• Work to be completed
When the line containing "Les membres du" appears in the entries below, begin printing there and stop after the line containing "長芋の肉巻きフライ 価格: 80,000 VND"; print each of those lines exactly and no other line.

• Records shown
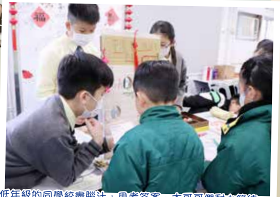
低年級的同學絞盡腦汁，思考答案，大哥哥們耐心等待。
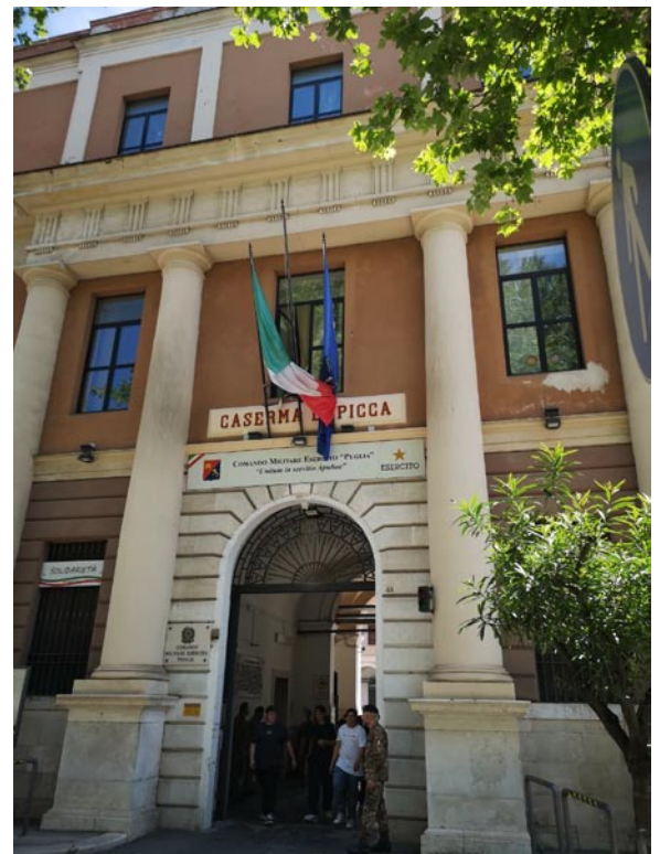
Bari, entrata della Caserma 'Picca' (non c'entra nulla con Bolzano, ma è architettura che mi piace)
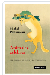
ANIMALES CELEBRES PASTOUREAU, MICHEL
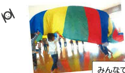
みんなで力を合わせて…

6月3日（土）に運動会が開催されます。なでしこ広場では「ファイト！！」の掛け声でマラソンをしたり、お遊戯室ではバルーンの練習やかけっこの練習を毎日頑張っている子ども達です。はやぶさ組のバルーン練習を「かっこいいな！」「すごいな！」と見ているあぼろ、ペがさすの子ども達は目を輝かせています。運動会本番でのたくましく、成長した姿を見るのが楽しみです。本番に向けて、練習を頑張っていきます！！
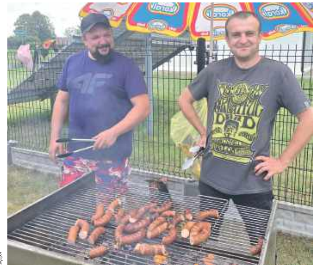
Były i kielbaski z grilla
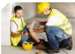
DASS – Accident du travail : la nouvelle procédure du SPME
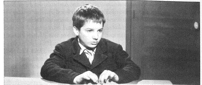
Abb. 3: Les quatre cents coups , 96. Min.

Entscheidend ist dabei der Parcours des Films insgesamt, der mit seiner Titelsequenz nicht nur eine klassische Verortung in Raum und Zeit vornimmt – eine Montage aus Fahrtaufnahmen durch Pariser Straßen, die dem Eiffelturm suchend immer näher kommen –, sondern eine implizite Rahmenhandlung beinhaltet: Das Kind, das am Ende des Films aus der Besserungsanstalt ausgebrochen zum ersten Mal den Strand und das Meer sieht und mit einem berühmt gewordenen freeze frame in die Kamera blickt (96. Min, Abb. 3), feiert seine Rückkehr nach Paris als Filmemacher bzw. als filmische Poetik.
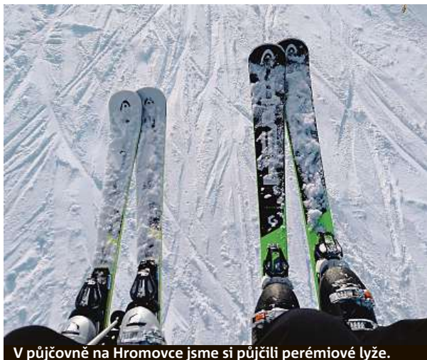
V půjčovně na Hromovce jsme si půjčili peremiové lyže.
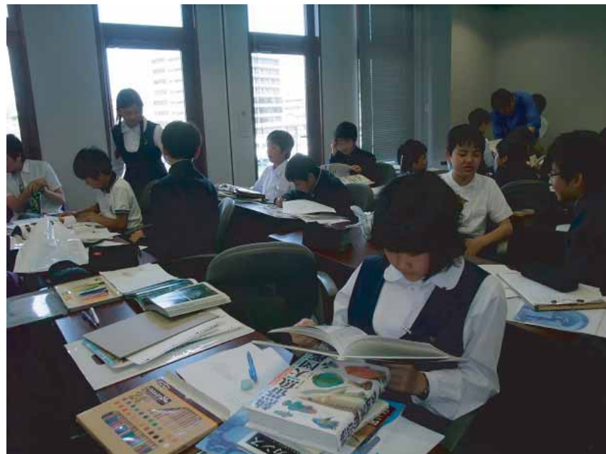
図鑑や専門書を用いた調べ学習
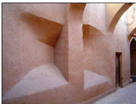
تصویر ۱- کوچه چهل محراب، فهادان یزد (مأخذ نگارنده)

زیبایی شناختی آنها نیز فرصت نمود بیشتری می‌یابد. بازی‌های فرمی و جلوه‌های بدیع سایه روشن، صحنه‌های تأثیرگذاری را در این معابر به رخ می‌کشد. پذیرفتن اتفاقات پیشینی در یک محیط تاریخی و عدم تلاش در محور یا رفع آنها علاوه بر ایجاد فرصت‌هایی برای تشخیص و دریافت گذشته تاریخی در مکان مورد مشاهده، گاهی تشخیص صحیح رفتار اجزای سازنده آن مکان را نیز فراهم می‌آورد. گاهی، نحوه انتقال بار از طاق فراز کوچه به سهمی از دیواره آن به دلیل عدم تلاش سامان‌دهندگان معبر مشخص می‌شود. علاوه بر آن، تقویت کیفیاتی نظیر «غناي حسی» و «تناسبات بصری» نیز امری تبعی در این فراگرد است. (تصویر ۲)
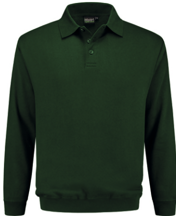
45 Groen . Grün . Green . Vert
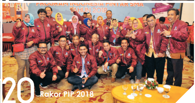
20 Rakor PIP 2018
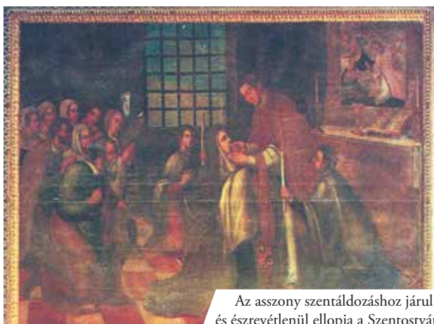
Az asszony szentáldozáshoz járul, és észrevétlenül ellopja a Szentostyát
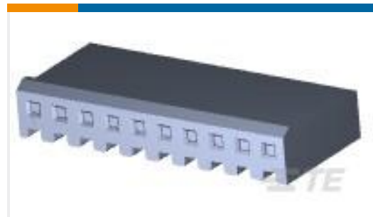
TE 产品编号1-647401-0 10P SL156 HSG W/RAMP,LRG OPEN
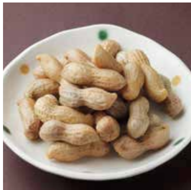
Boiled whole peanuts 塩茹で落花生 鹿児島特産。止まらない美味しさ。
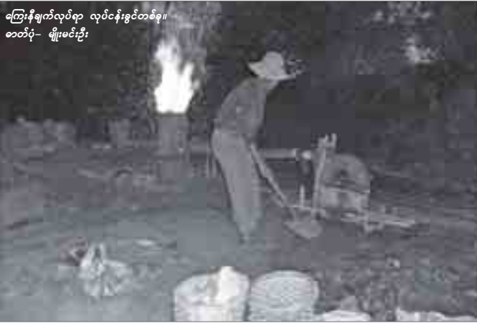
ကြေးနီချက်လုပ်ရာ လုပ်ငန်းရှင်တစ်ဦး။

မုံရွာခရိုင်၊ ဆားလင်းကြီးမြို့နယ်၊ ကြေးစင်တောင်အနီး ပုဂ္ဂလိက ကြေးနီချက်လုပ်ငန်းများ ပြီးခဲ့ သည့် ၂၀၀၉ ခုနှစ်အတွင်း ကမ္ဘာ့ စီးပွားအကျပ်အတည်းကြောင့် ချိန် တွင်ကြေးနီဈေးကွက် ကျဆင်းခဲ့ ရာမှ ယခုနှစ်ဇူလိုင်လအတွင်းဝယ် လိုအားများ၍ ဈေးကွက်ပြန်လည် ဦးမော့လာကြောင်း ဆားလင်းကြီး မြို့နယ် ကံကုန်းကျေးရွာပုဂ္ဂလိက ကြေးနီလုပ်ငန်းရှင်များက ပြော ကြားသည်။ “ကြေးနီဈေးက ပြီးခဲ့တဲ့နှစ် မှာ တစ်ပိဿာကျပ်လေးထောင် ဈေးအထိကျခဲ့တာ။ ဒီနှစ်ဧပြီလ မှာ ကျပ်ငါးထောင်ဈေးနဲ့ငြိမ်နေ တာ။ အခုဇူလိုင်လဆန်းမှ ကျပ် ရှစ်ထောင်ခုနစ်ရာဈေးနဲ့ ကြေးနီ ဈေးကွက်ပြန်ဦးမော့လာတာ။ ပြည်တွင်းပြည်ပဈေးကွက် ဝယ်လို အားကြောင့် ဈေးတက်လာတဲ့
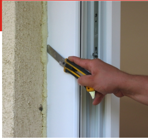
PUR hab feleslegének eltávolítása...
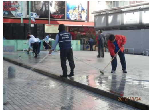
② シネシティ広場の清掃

---

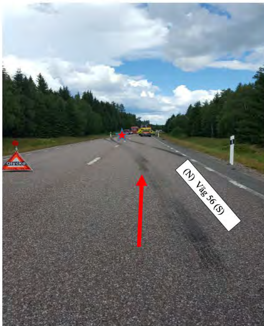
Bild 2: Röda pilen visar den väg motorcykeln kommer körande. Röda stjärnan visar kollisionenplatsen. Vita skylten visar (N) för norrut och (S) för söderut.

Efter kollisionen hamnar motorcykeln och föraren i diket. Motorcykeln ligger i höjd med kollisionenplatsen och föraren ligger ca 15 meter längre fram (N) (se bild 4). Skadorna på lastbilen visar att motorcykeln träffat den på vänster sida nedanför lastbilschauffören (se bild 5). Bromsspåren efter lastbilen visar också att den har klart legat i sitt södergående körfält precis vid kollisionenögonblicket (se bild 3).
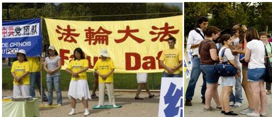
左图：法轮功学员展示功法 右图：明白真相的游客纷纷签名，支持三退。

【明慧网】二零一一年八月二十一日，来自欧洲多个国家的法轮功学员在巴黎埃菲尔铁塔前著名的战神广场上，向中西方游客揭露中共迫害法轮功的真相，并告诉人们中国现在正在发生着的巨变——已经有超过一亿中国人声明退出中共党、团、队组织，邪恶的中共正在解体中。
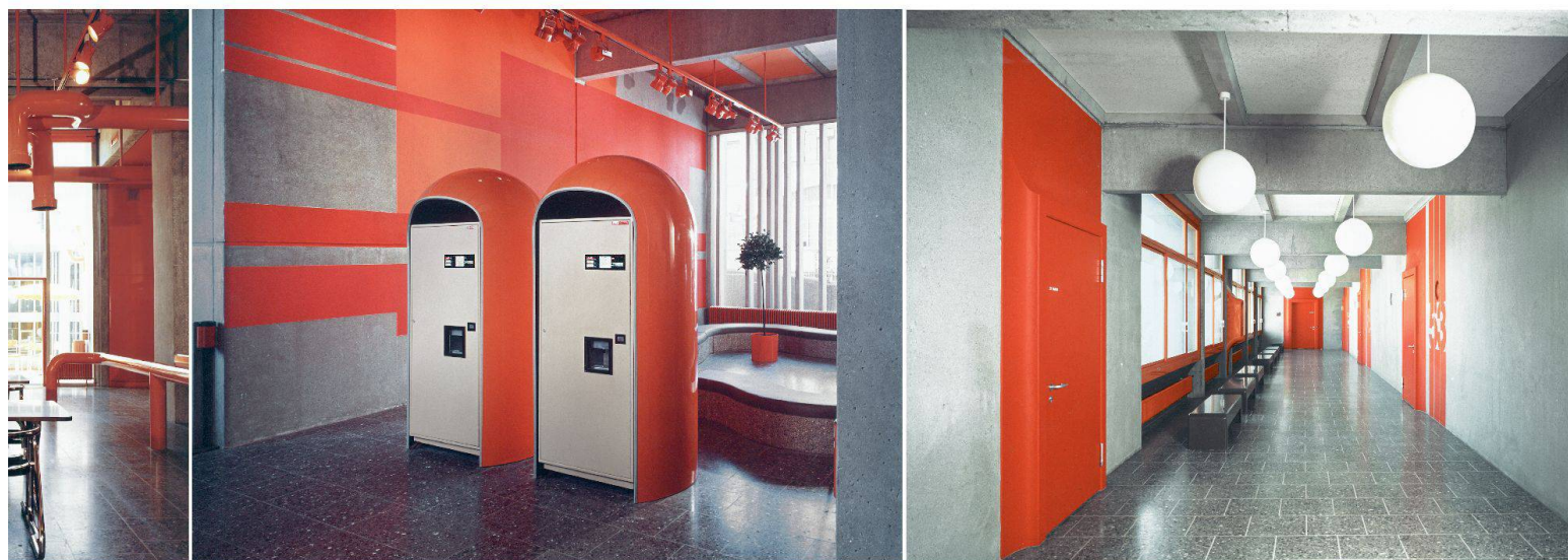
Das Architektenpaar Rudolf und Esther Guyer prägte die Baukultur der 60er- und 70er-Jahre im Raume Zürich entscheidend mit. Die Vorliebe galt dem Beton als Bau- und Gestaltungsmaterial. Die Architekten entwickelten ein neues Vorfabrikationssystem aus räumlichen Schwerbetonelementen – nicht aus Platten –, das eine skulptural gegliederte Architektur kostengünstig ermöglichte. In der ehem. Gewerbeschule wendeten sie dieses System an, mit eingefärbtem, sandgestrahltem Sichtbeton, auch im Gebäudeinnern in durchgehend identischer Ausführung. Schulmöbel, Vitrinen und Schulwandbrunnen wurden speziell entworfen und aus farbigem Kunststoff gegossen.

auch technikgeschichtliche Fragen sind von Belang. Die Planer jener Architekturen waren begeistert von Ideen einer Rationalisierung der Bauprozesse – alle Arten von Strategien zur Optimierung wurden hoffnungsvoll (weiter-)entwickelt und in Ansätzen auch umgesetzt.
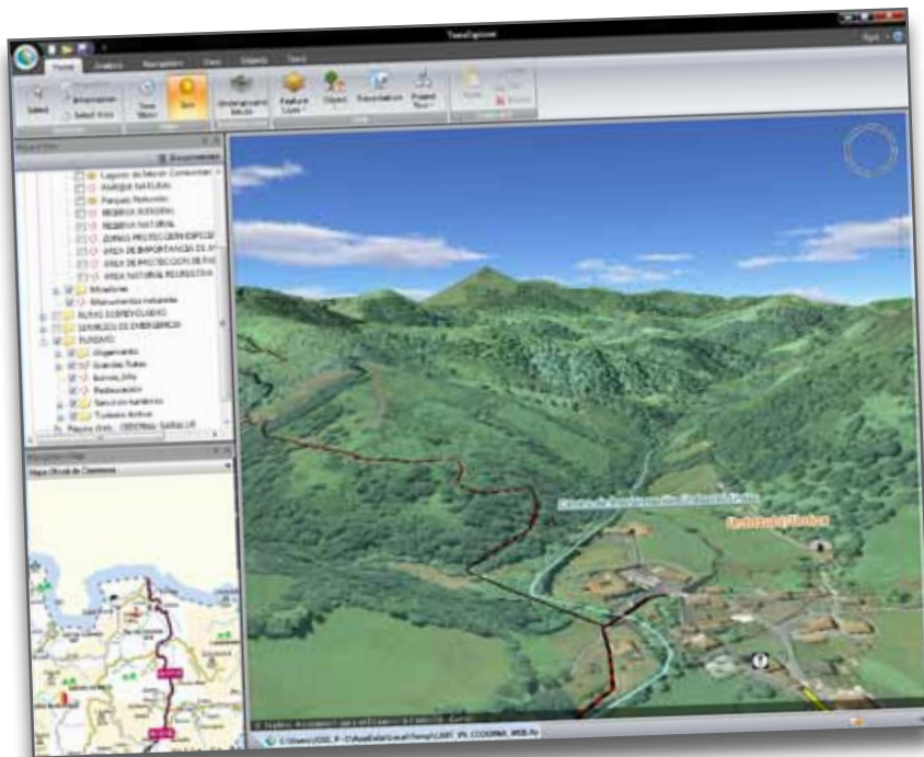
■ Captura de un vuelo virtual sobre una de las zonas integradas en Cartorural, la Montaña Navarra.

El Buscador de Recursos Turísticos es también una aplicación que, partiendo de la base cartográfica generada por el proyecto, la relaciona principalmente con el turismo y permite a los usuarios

--

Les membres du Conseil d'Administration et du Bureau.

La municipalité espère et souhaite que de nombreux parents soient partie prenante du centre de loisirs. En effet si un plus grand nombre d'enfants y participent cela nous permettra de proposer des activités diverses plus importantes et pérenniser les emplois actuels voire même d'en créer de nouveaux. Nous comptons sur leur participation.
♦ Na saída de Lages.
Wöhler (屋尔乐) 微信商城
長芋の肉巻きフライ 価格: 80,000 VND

• Solution for this exercise
Les membres du Conseil d'Administration et du Bureau.

La municipalité espère et souhaite que de nombreux parents soient partie prenante du centre de loisirs. En effet si un plus grand nombre d'enfants y participent cela nous permettra de proposer des activités diverses plus importantes et pérenniser les emplois actuels voire même d'en créer de nouveaux. Nous comptons sur leur participation.
♦ Na saída de Lages.
Wöhler (屋尔乐) 微信商城
長芋の肉巻きフライ 価格: 80,000 VND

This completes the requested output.